• Excerpted data

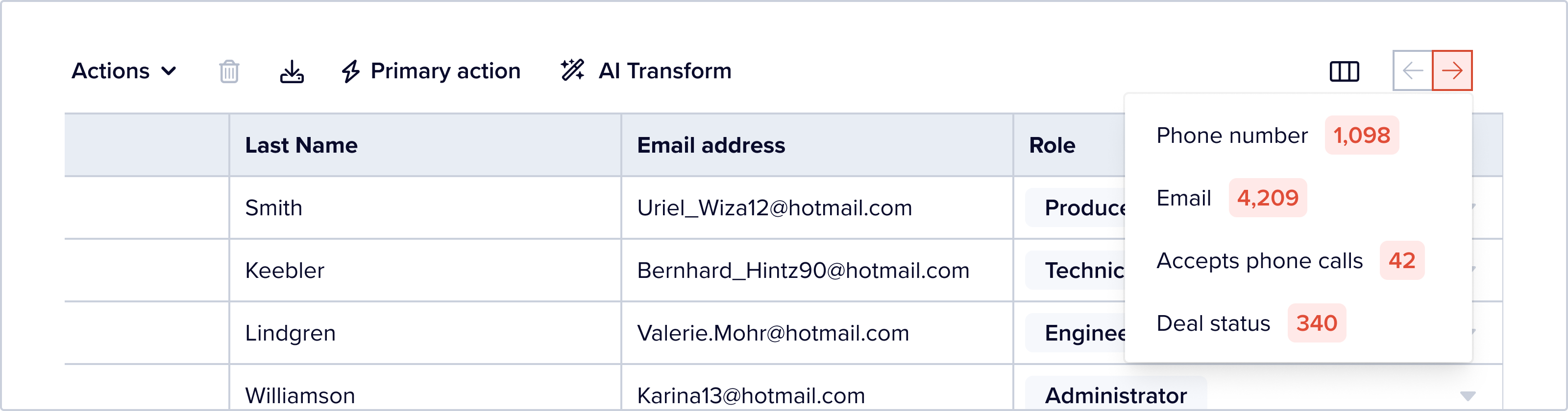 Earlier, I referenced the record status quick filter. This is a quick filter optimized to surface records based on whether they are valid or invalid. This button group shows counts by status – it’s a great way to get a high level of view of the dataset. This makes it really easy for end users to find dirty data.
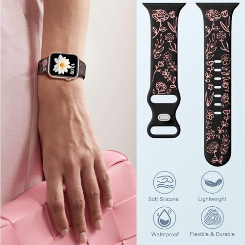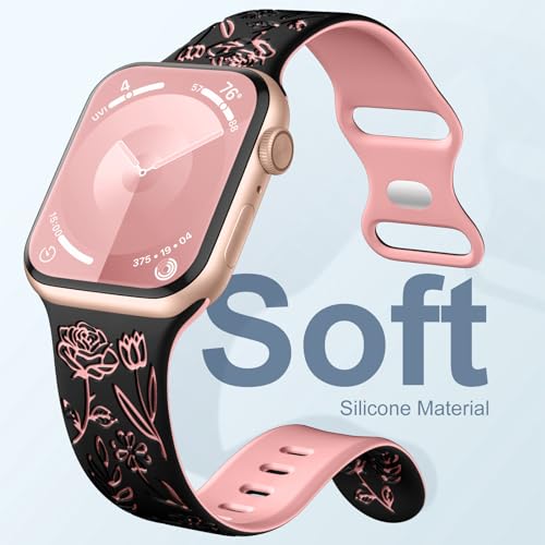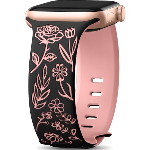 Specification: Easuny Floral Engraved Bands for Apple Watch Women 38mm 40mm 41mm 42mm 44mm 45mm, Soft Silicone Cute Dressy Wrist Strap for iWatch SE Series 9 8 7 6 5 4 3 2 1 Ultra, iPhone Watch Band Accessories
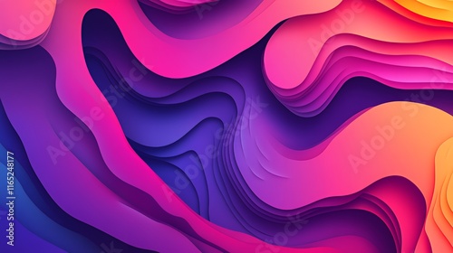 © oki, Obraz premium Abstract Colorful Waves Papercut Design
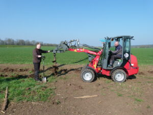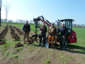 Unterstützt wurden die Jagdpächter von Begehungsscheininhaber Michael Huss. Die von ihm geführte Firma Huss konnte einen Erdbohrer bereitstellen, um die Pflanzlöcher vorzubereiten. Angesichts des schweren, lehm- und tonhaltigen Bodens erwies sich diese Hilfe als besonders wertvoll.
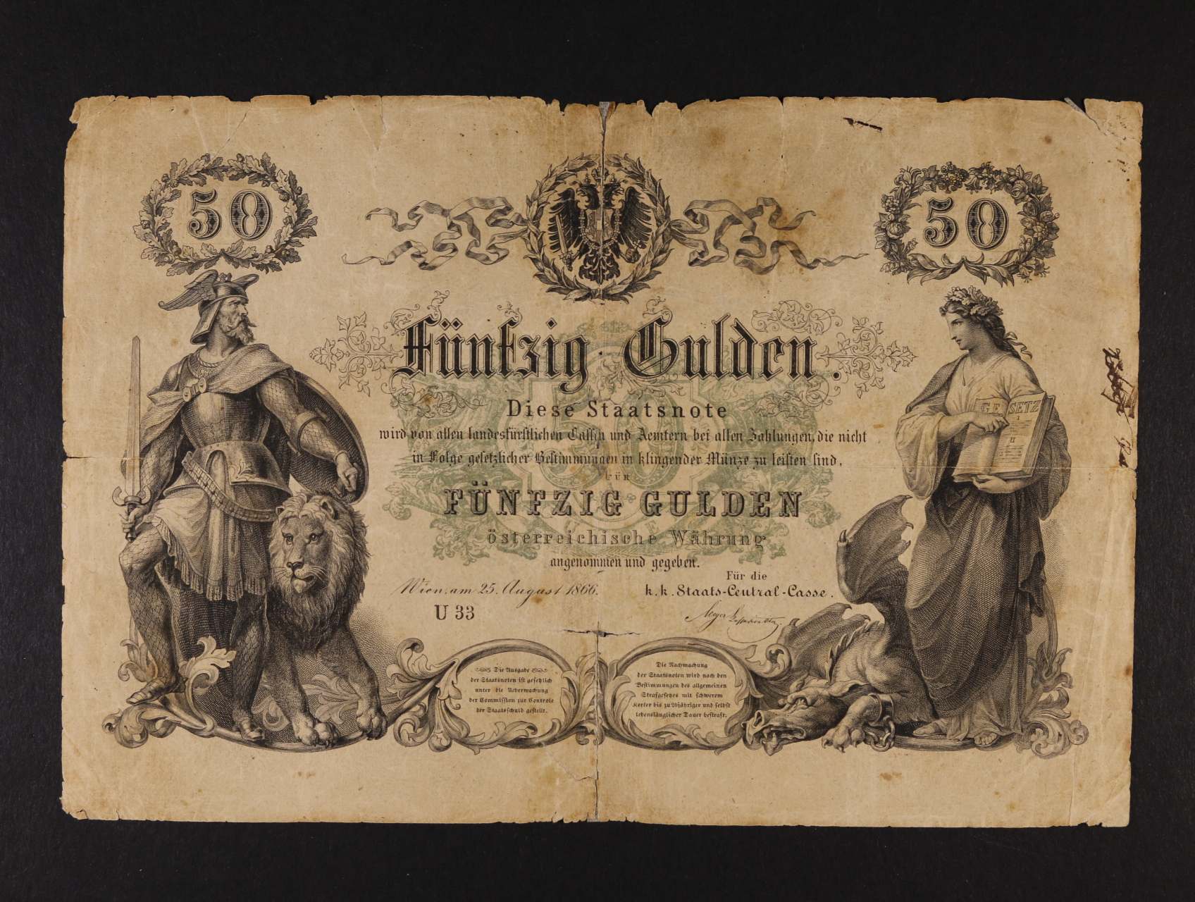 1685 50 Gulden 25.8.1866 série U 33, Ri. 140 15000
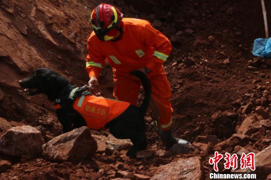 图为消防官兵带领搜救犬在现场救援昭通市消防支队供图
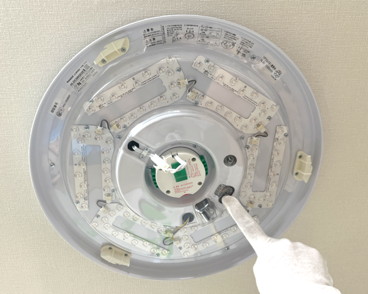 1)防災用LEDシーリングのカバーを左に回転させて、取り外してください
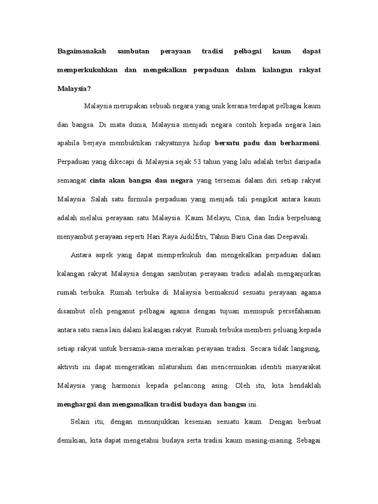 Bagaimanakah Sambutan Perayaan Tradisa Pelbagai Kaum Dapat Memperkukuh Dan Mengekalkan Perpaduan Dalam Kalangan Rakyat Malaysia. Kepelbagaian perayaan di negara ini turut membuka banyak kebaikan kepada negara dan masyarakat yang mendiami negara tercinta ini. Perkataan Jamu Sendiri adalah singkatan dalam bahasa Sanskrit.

--

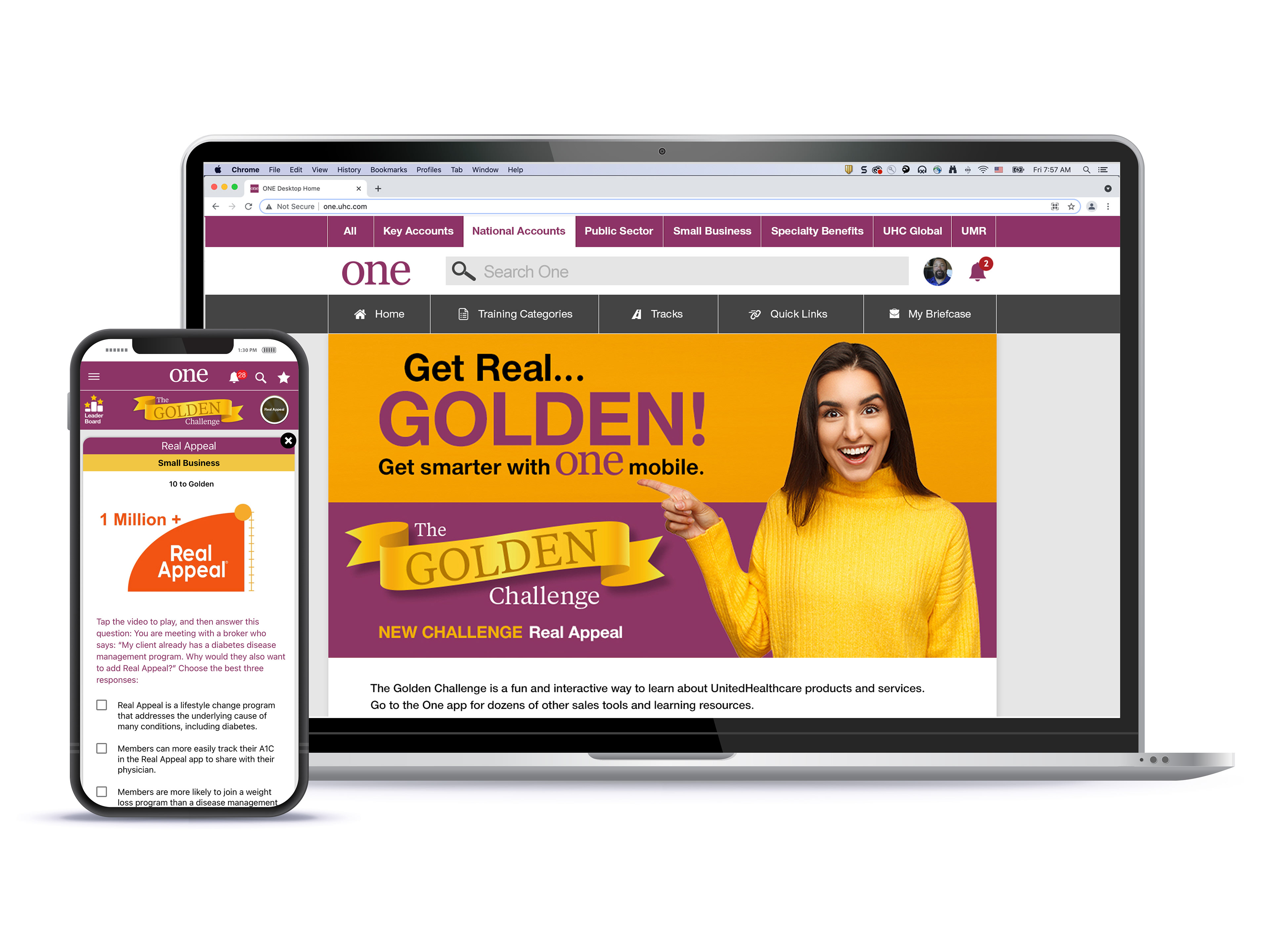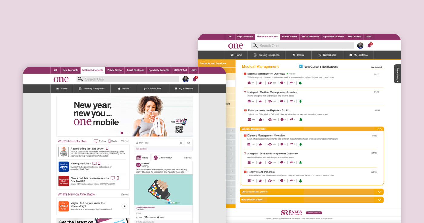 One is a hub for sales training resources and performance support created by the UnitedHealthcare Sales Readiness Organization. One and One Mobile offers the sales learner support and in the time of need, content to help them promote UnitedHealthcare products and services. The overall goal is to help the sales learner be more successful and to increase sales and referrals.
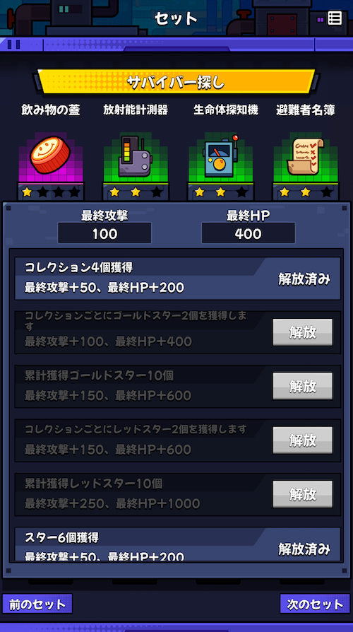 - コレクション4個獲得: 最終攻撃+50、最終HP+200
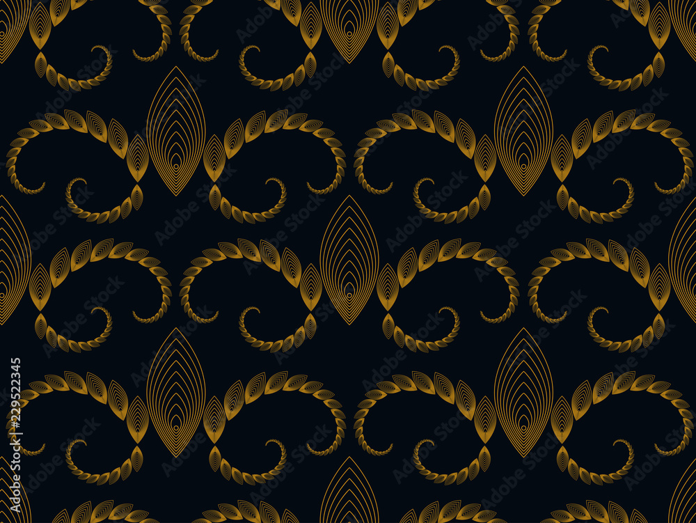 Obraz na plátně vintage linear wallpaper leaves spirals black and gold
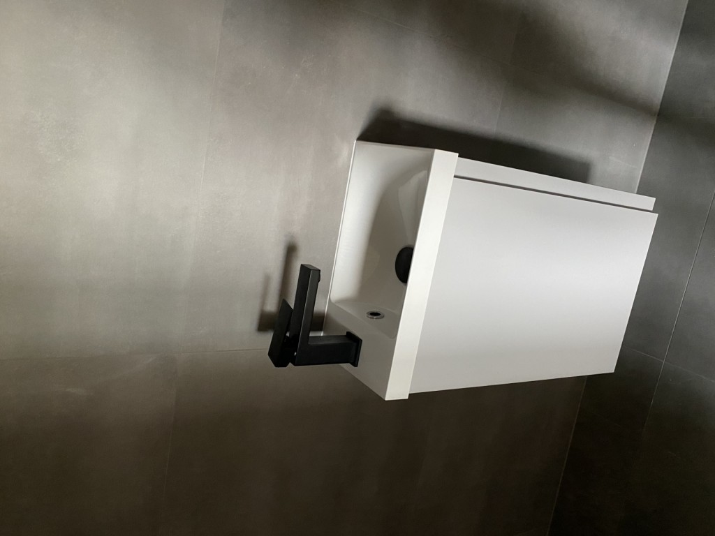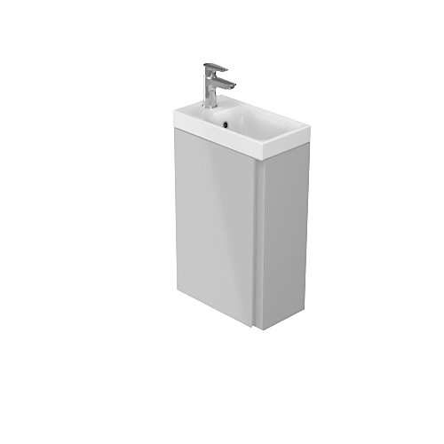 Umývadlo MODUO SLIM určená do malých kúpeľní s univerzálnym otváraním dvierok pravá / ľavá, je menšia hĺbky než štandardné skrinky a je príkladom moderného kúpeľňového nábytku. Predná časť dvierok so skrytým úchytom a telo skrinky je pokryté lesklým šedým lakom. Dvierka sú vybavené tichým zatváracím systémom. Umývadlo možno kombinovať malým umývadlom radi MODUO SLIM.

==

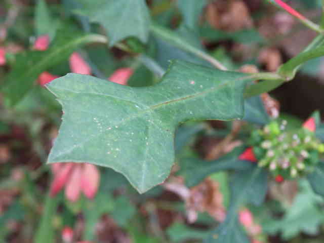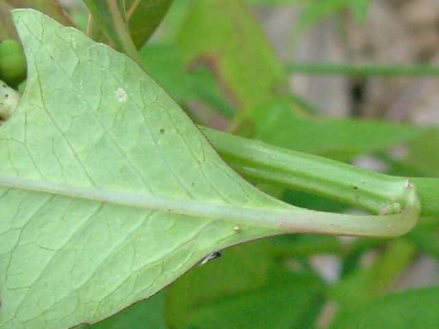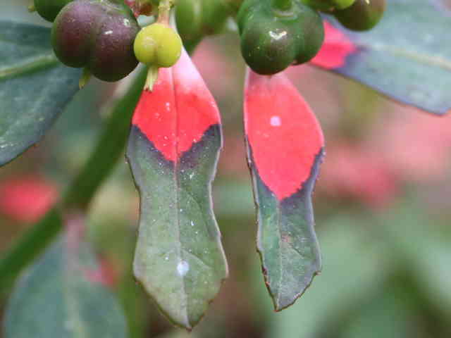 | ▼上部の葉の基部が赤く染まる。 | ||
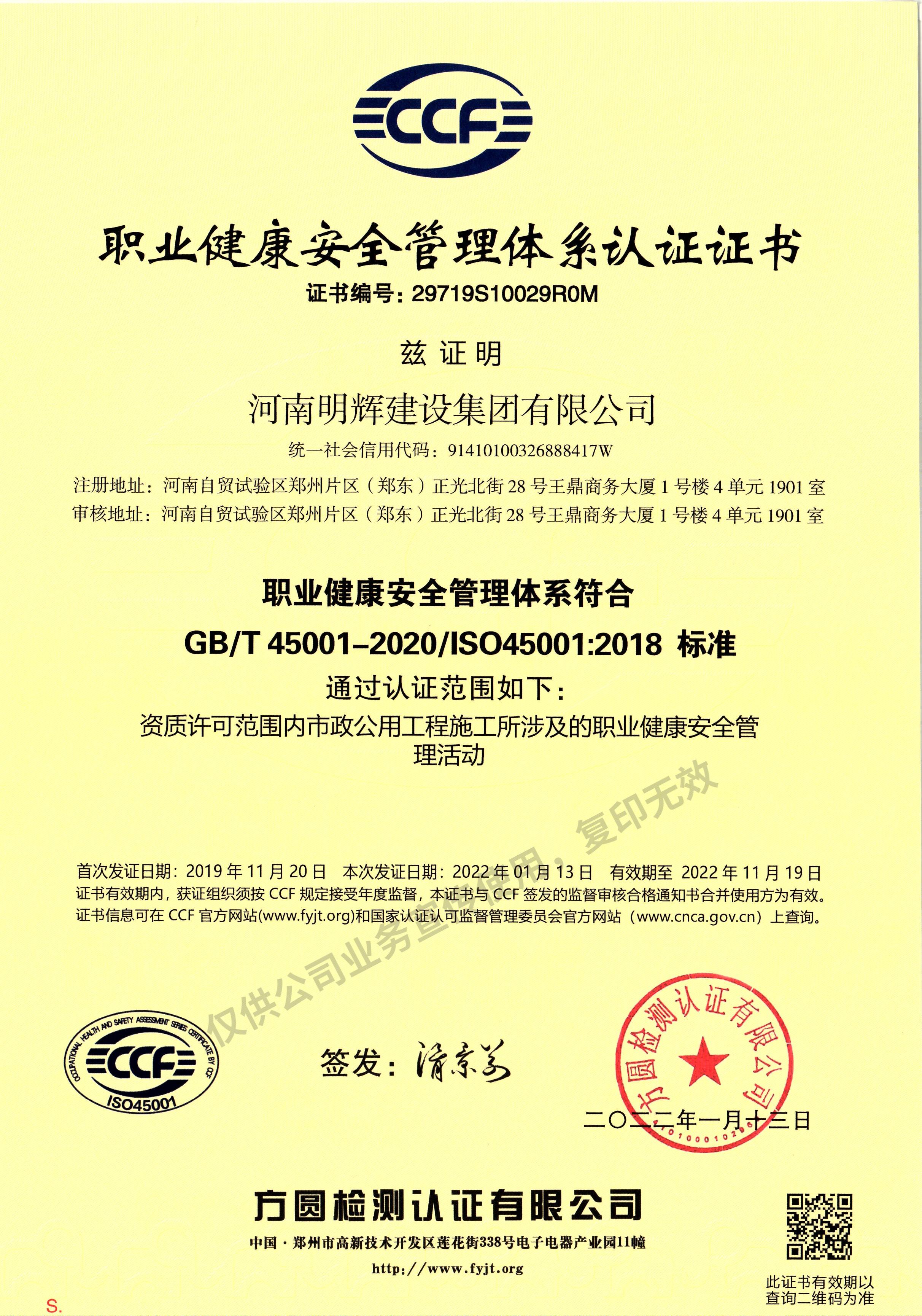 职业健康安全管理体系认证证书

• Required action
Write out word for word the lines above that run from the one with "- コレクション4個獲得: 最終攻撃+50、最終HP+200" to the one with "Obraz na plátně". Include both end lines; exclude the images.

• Solved exercise
 - コレクション4個獲得: 最終攻撃+50、最終HP+200
 Obraz na plátně vintage linear wallpaper leaves spirals black and gold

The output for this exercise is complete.